Task instructions → Reproduce the listing that follows in full. Omit its images.

Supplied material →
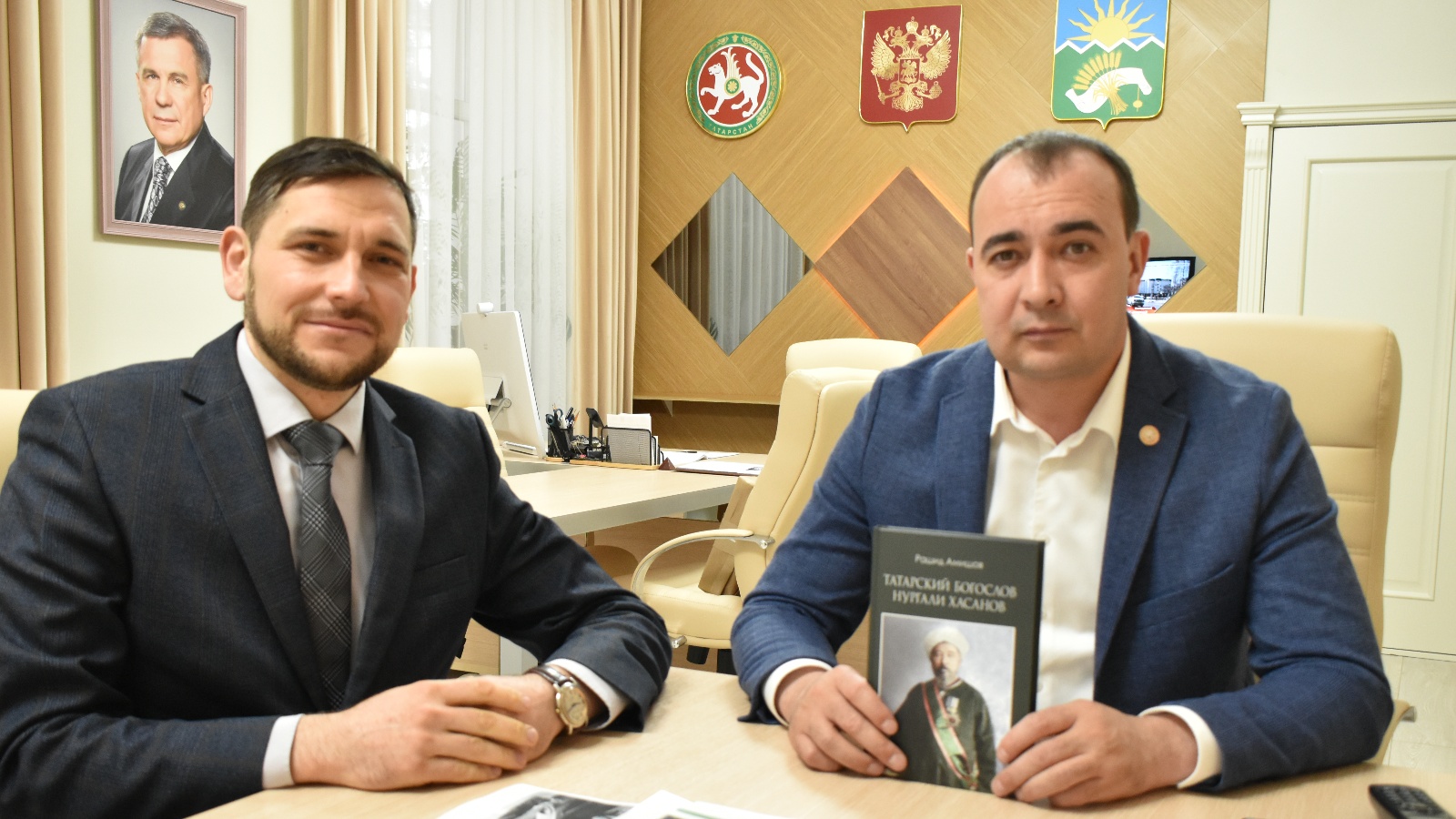 Ранис Камартдинов "Татар дин белгече Нургали Хәсәнов" китабын оештыру һәм үткәрү мәсьәләләре буенча фикер алышу буенча Рәшит Ильяс улы белән очрашты.
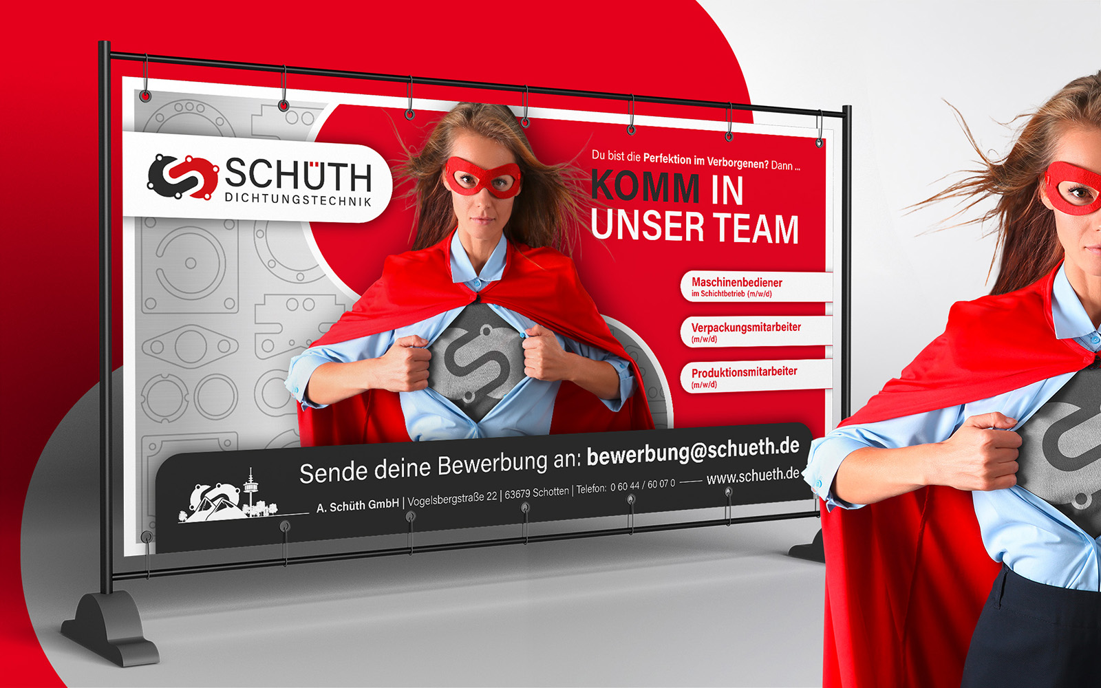 Für die Schüth GmbH haben wir ein umfassendes Gesamtkonzept realisiert, das die Professionalität des Spezialisten für Dichtungstechnik modern und klar widerspiegelt. Ziel war ein Auftritt aus einem Guss, der sowohl Kunden als auch neue Mitarbeiter anspricht.
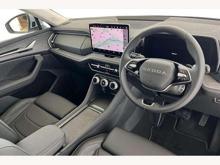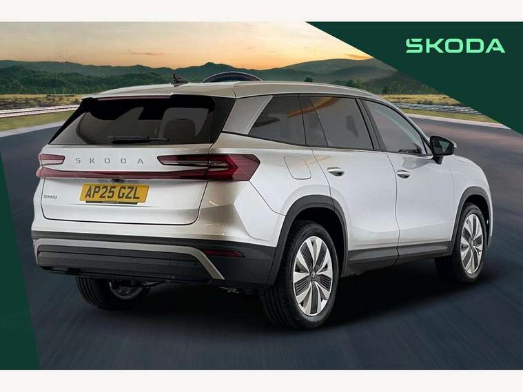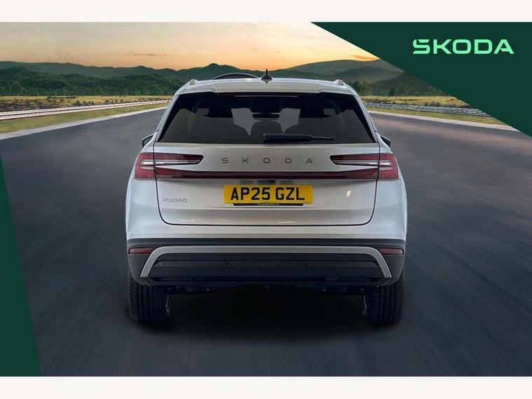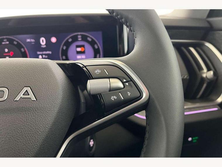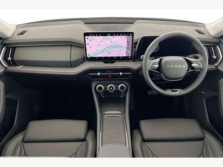 13" satellite navigation touchscreen display, Blind spot detection with door exit warning, Bluetooth system, ChatGPT functionality, Driver alert - Fatigue and drowsiness monitor, Dry display cleaner, Emergency call, Front and rear parking sensors, Front cross traffic assist, Lane assist, PAS, Rear traffic assist, Tailgate unlocking from outside, Traffic sign recognition, USB C Port x 2 in front centre console, Virtual Cockpit - 10.25" digital display, Voice control system, Wireless charging for two smartphones (15W) with cooling function, Wireless SmartLink for Apple CarPlay and Android Auto, Stop/start function, 2x USB-C in the rear, DAB Digital radio, Aero front windscreen wipers with intermittent function, Auto dimming rear view mirror, AWL (all weather lighting) and all weather light with cornering function, Black wheel arch surrounds, Body colour bumpers, Body colour door mirrors and handles, Cornering light and poor weather light, Electric folding /adjustable/separted heated/folding door mirrors, auto dimming with boarding sports and memory function, Electric front and rear windows, Exterior black decorative trims, Heat insulating glass in windshield, Heated rear window, Ice scraper in fuel tank cap, Invisible tailpipe, LED daytime running lights, LED third brake light in rear spoiler, Light assistant with automatic headlight control and coming home feature, Logo projection in door mirrors, Privacy glass, Rear roof spoiler, Rear side wing doors, Rear window wiper, Red decorative strip between rear LED lights, Safety reflectors on front and rear doors, Unique dark chrome design logo on alloy wheels, Window control switches with black trim, Windscreen wipers with rain sensor, Without engine designation, 1.5l bottle holder points in all door, 1x centre rear reading light, 2 seat bench in 3rd row, 3 configurable smart dials with 32mm coloured display, 3 seat bench in 2nd row, 4 foldable roof handles with rear coat hooks, Ambient interior lighting - Dashboard, front-door stowage compartments, front and rear door panels and footwell lighting, Automatic gear selector on steering column, Chrome interior door handles, Driver/front passenger reading lights, Fabric headlining, Fixed bench 40:60:40 split folding backrests, Front and rear floor mats, Front centre armrest with jumbo box storage compartment, cup holder and 12V socket, Height adjustable front headrests, Isofix child seat fittings in outer middle row rear seats and front passenger with top tether, Manually adjustable steering column, Pollen filter, Rear centre armrest with cupholders, Rear seat boot backrest release, Single front passenger seat, Skoda lettering on steering wheel, Storage pocket including mobile phone pockets on the backs of the front seats, Sunvisors with illuminated vanity mirrors, Three rear height adjustable headrests, Ticket holder on A Pillar, Tri zone climate control, Umbrella in door panel x1 made from sustainable materials, Upper and lower glovebox with card holder and coin compartment, USB C port by rear view mirror for charging only (15W), Exterior styling pack - Kodiaq, Auto door release and activation of warning lights in the event of an accident, Driver and front passenger airbag with knee airbag and front passenger airbag deactivation, Electric child locks, Electronic parking brake, ESC (incl. ABS+EMD+MSR+ASR+EDL+HBA+DSR+RBS+ESBS+MCB+TSA+XDS), Front assist with braking reaction to vehicles, pedestrians and cyclists, Front disc brakes, Fuel cut off safety device, Height adjustable front 3 point seatbelts + pretensioners, Hill hold assist, Junction assist with automatic emergency braking, Rear disc brakes, Safety vest holder in door, Seat belt reminder for all seats, Three point rear seat belts, Two tone horn, Tyre pressure monitor, Anti-theft wheel bolts, Immobiliser, Remote central locking with 2 keys,
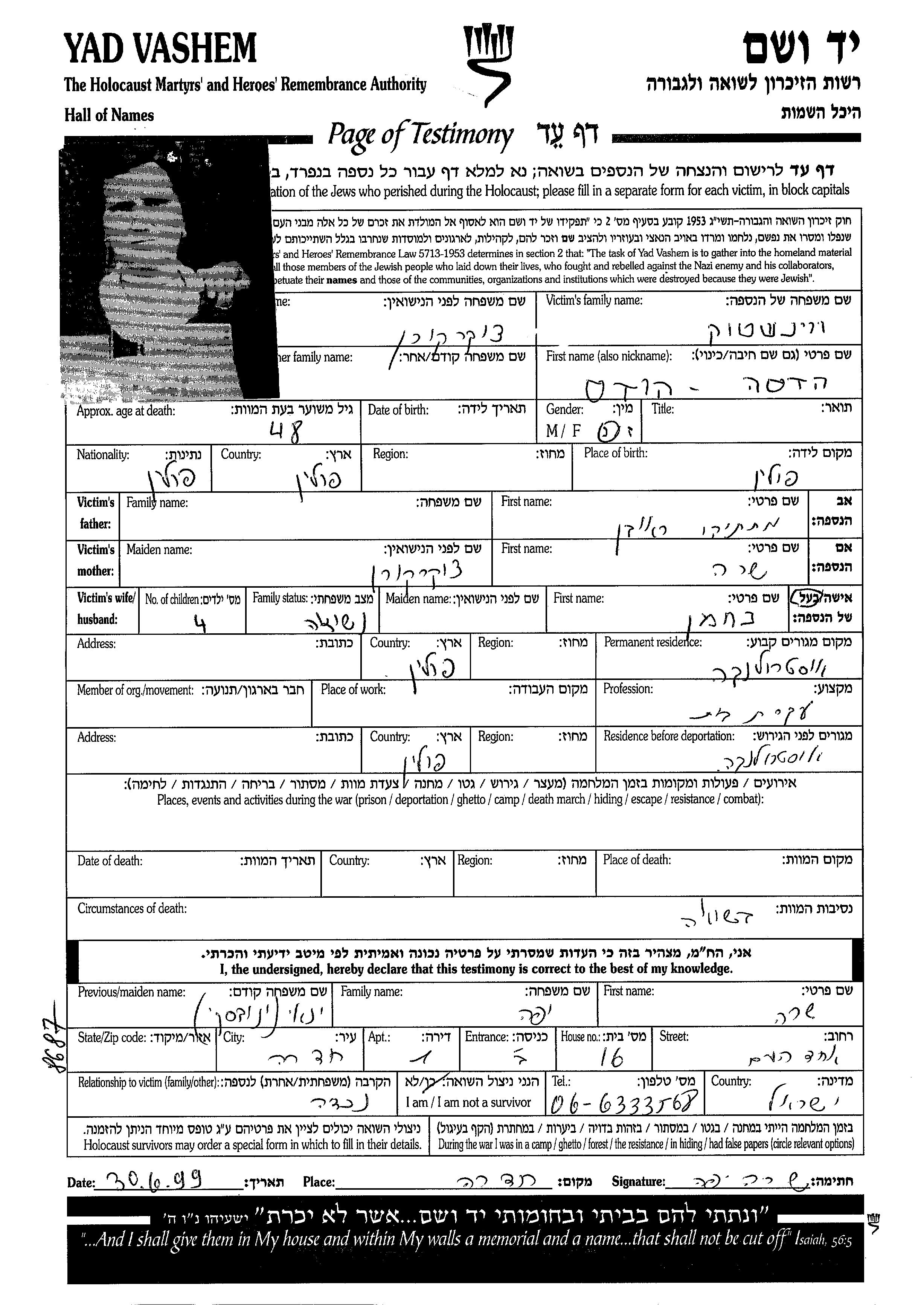 Вайншток Хадаса Остроленка, Польша Лист свидетельских показаний

Expected output →
 Ранис Камартдинов "Татар дин белгече Нургали Хәсәнов" китабын оештыру һәм үткәрү мәсьәләләре буенча фикер алышу буенча Рәшит Ильяс улы белән очрашты.
 Für die Schüth GmbH haben wir ein umfassendes Gesamtkonzept realisiert, das die Professionalität des Spezialisten für Dichtungstechnik modern und klar widerspiegelt. Ziel war ein Auftritt aus einem Guss, der sowohl Kunden als auch neue Mitarbeiter anspricht.
 13" satellite navigation touchscreen display, Blind spot detection with door exit warning, Bluetooth system, ChatGPT functionality, Driver alert - Fatigue and drowsiness monitor, Dry display cleaner, Emergency call, Front and rear parking sensors, Front cross traffic assist, Lane assist, PAS, Rear traffic assist, Tailgate unlocking from outside, Traffic sign recognition, USB C Port x 2 in front centre console, Virtual Cockpit - 10.25" digital display, Voice control system, Wireless charging for two smartphones (15W) with cooling function, Wireless SmartLink for Apple CarPlay and Android Auto, Stop/start function, 2x USB-C in the rear, DAB Digital radio, Aero front windscreen wipers with intermittent function, Auto dimming rear view mirror, AWL (all weather lighting) and all weather light with cornering function, Black wheel arch surrounds, Body colour bumpers, Body colour door mirrors and handles, Cornering light and poor weather light, Electric folding /adjustable/separted heated/folding door mirrors, auto dimming with boarding sports and memory function, Electric front and rear windows, Exterior black decorative trims, Heat insulating glass in windshield, Heated rear window, Ice scraper in fuel tank cap, Invisible tailpipe, LED daytime running lights, LED third brake light in rear spoiler, Light assistant with automatic headlight control and coming home feature, Logo projection in door mirrors, Privacy glass, Rear roof spoiler, Rear side wing doors, Rear window wiper, Red decorative strip between rear LED lights, Safety reflectors on front and rear doors, Unique dark chrome design logo on alloy wheels, Window control switches with black trim, Windscreen wipers with rain sensor, Without engine designation, 1.5l bottle holder points in all door, 1x centre rear reading light, 2 seat bench in 3rd row, 3 configurable smart dials with 32mm coloured display, 3 seat bench in 2nd row, 4 foldable roof handles with rear coat hooks, Ambient interior lighting - Dashboard, front-door stowage compartments, front and rear door panels and footwell lighting, Automatic gear selector on steering column, Chrome interior door handles, Driver/front passenger reading lights, Fabric headlining, Fixed bench 40:60:40 split folding backrests, Front and rear floor mats, Front centre armrest with jumbo box storage compartment, cup holder and 12V socket, Height adjustable front headrests, Isofix child seat fittings in outer middle row rear seats and front passenger with top tether, Manually adjustable steering column, Pollen filter, Rear centre armrest with cupholders, Rear seat boot backrest release, Single front passenger seat, Skoda lettering on steering wheel, Storage pocket including mobile phone pockets on the backs of the front seats, Sunvisors with illuminated vanity mirrors, Three rear height adjustable headrests, Ticket holder on A Pillar, Tri zone climate control, Umbrella in door panel x1 made from sustainable materials, Upper and lower glovebox with card holder and coin compartment, USB C port by rear view mirror for charging only (15W), Exterior styling pack - Kodiaq, Auto door release and activation of warning lights in the event of an accident, Driver and front passenger airbag with knee airbag and front passenger airbag deactivation, Electric child locks, Electronic parking brake, ESC (incl. ABS+EMD+MSR+ASR+EDL+HBA+DSR+RBS+ESBS+MCB+TSA+XDS), Front assist with braking reaction to vehicles, pedestrians and cyclists, Front disc brakes, Fuel cut off safety device, Height adjustable front 3 point seatbelts + pretensioners, Hill hold assist, Junction assist with automatic emergency braking, Rear disc brakes, Safety vest holder in door, Seat belt reminder for all seats, Three point rear seat belts, Two tone horn, Tyre pressure monitor, Anti-theft wheel bolts, Immobiliser, Remote central locking with 2 keys,
 Вайншток Хадаса Остроленка, Польша Лист свидетельских показаний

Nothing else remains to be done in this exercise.